Designed In Heaven Made In Hong Kong‘s fourth and latest single, the brooding “Flood The Harbour” seems to sonically channel Garlands and Heaven or Las Vegas-era Cocteau Twins: swirling shoegazer guitar textures are paired with swaggering and thumping, boom bap-like drums and a supple bass line create a lush and dreamy bed for There’s Talk’s Olivia Lee’s gorgeous and expressive vocal fed through a little bit of reverb. Throughout the song evokes the existential unease and dread of our current moment — with the acknowledgment that the our current world is on its death knell, and the hope that we’re on the precipice of a new, fairer world for all.

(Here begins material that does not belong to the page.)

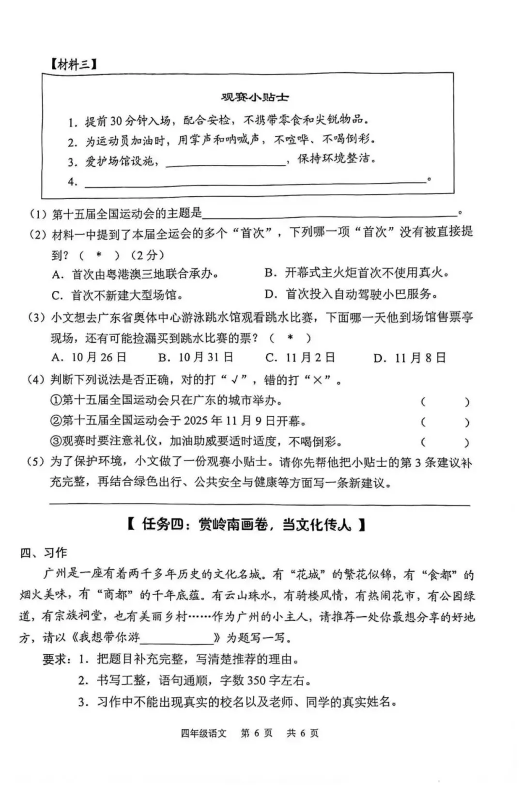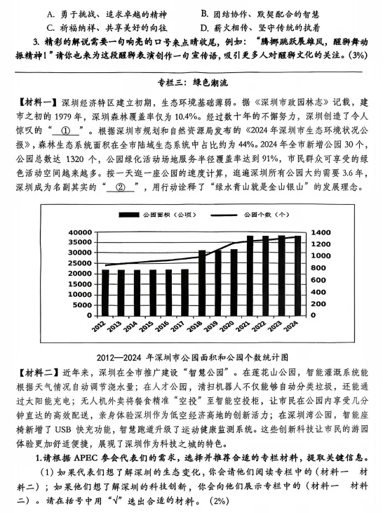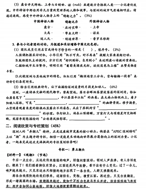 仅从文字编排和篇幅上来看,就远不如深圳卷,且考查范围基本上是课本大纲内的,阅读考了2025年举办的全运会,作文写自己熟悉的大广州,可写的范围也很宽,难度不算大。

“The music for ‘Flood The Harbour’ was written on the same day I wrote ‘Blush.’ After feeling uninspired for a long time, I spent the day repeatedly watching Fallen Angels on mute while messing around with instruments, and 90% of both songs were written in a few hours,” King explains. “Whenever I’m working on something new, I always give the songs a temporary working title of the neighborhood that inspired the tune, or that I’m using found samples from, and this song drew from Yau Ma Tei. Formerly a little fishing bay, Yau Ma Tei has been built extensively upon reclaimed land. Because of Hong Kong’s limited usable land and massive population density, land reclamation has been a central part of the city’s growth over the past century – over 60 km of land has been added to the city from land reclamation projects, including part of the old Kai Tak airport, and just thinking about land reclamation and its endless ripples helped shape the song.”
“I aligned on inspiration with Chris – the lyrics came to mind after simmering on the working title for the song, Yau Ma Tei, as well as hazy neon-lit montages from Fallen Angels,” There’s Talk’s Olivia Lee adds. “Sinking into the broodiness of the song, images of a revolution on the heels of the end of the world engulfed in flames and flood came to mind. Perhaps a meditation on the consequences of colonialism and corporate greed, and who will have the last word.”